Saturday, June 9, 2018

Plundering the House


Mark 3:19(b)-35
June 10, 2018
William G. Carter

Then (Jesus) went home, and the crowd came together again, so that they could not even eat. When his family heard it, they went out to restrain him, for people were saying, “He has gone out of his mind.” And the scribes who came down from Jerusalem said, “He has Beelzebul, and by the ruler of the demons he casts out demons.” And he called them to him, and spoke to them in parables, “How can Satan cast out Satan? If a kingdom is divided against itself, that kingdom cannot stand. And if a house is divided against itself, that house will not be able to stand. And if Satan has risen up against himself and is divided, he cannot stand, but his end has come. But no one can enter a strong man’s house and plunder his property without first tying up the strong man; then indeed the house can be plundered.”

“Truly I tell you, people will be forgiven for their sins and whatever blasphemies they utter; but whoever blasphemes against the Holy Spirit can never have forgiveness, but is guilty of an eternal sin”— for they had said, “He has an unclean spirit.”

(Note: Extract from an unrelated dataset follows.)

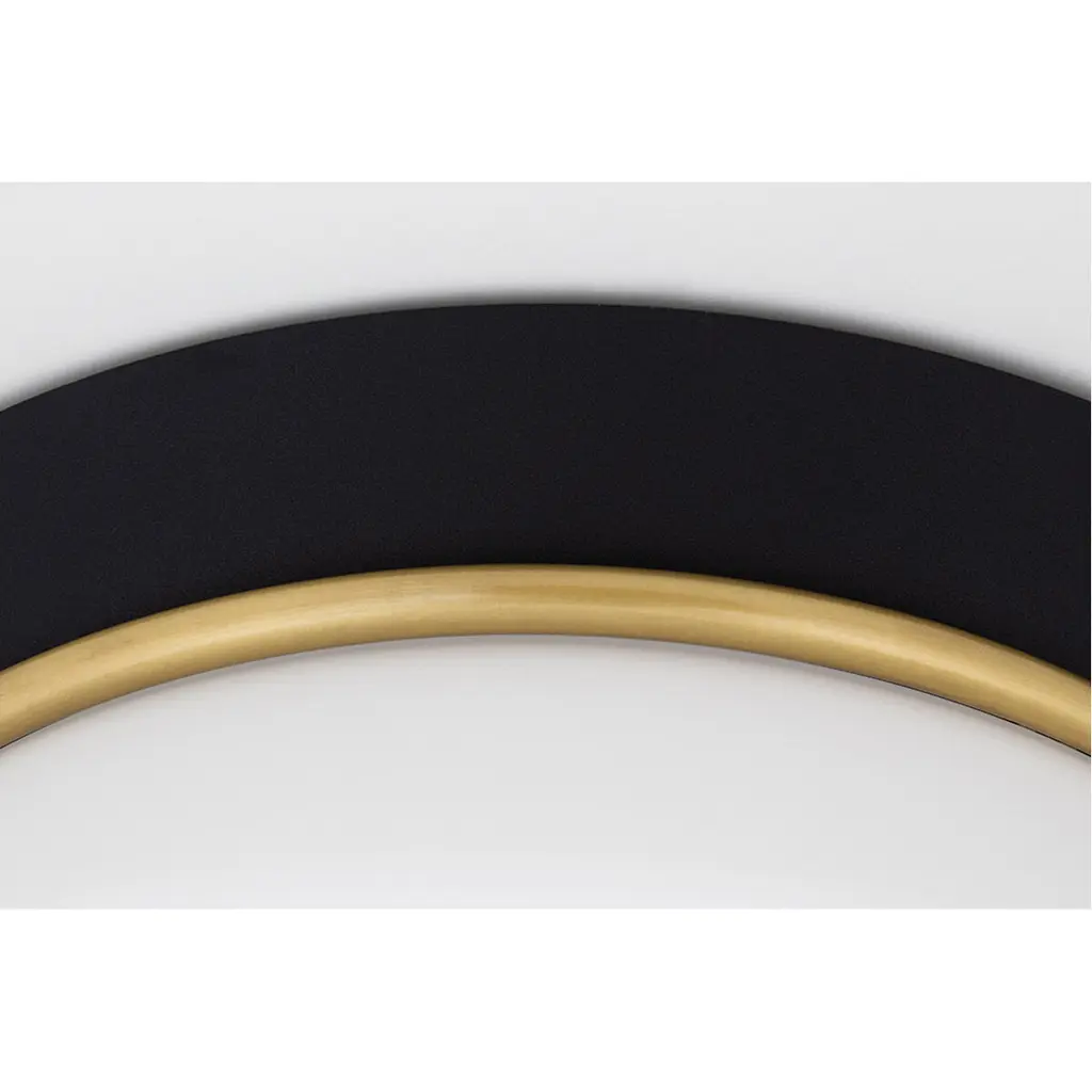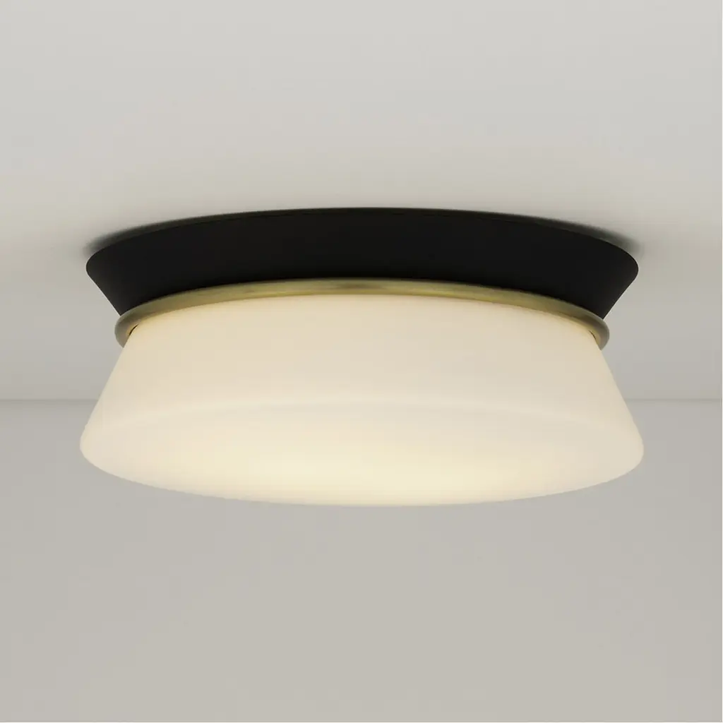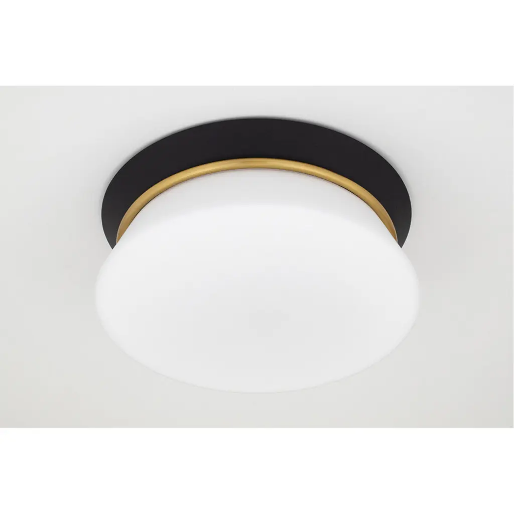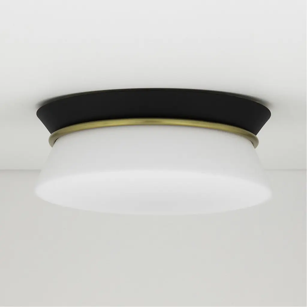 Elevate your ceiling's style with this simple yet sophisticated flush mount. A ribbon of metal separates the black canopy from the opal glass shade for a triple color effect that gives this circular fixture three times the style. Choose from Polished Nickel/Black or Aged Brass/Black.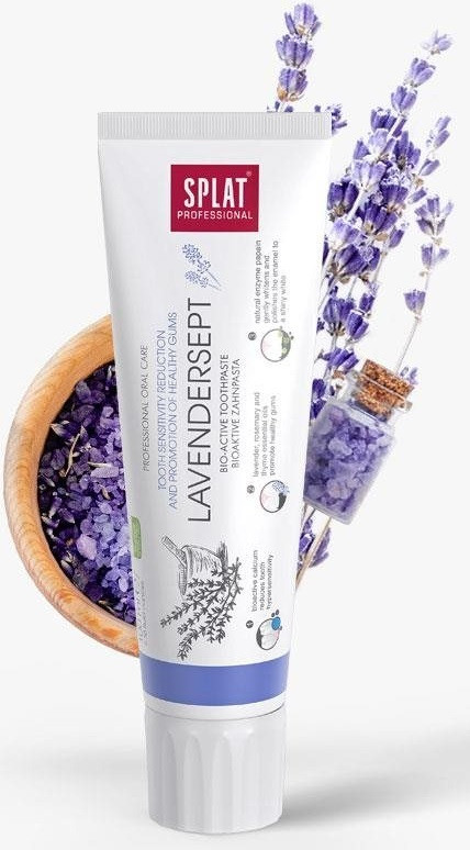 A természetes levendula, rozmaring és kakukkfű olajai antibakteriális hatást nyújtanak, ezenkívül védelmet garantálnak az ínygyulladás és a fogkő ellen. A kalcium és a cink nagyon erős antioxidáns hatással rendelkezik, így az íny és a fogak egészségesek és erősek lesznek. A fehérítő sók és a természetes papain enzim gondoskodik fogaid kíméletes tisztításáról és fehérítéséről. Tökéletesen eltávolítja a lerakódásokat és lesimítja a fogzománcot. Az SPLAT Professional Lavandersept fogkrém érzékeny fogak számára is alkalmas. A kalcium-foszfátnak köszönhetően táplálja a fogazatot, és ezáltal növeli annak ellenállását a külső hatásokkal szemben.

Then his mother and his brothers came; and standing outside, they sent to him and called him. A crowd was sitting around him; and they said to him, “Your mother and your brothers and sisters are outside, asking for you.” And he replied, “Who are my mother and my brothers?” And looking at those who sat around him, he said, “Here are my mother and my brothers! Whoever does the will of God is my brother and sister and mother.”


At the height of his popularity, the family of Jesus came to take him away. At the pinnacle of his effectiveness, they came to restrain him. Let that sink in for a minute.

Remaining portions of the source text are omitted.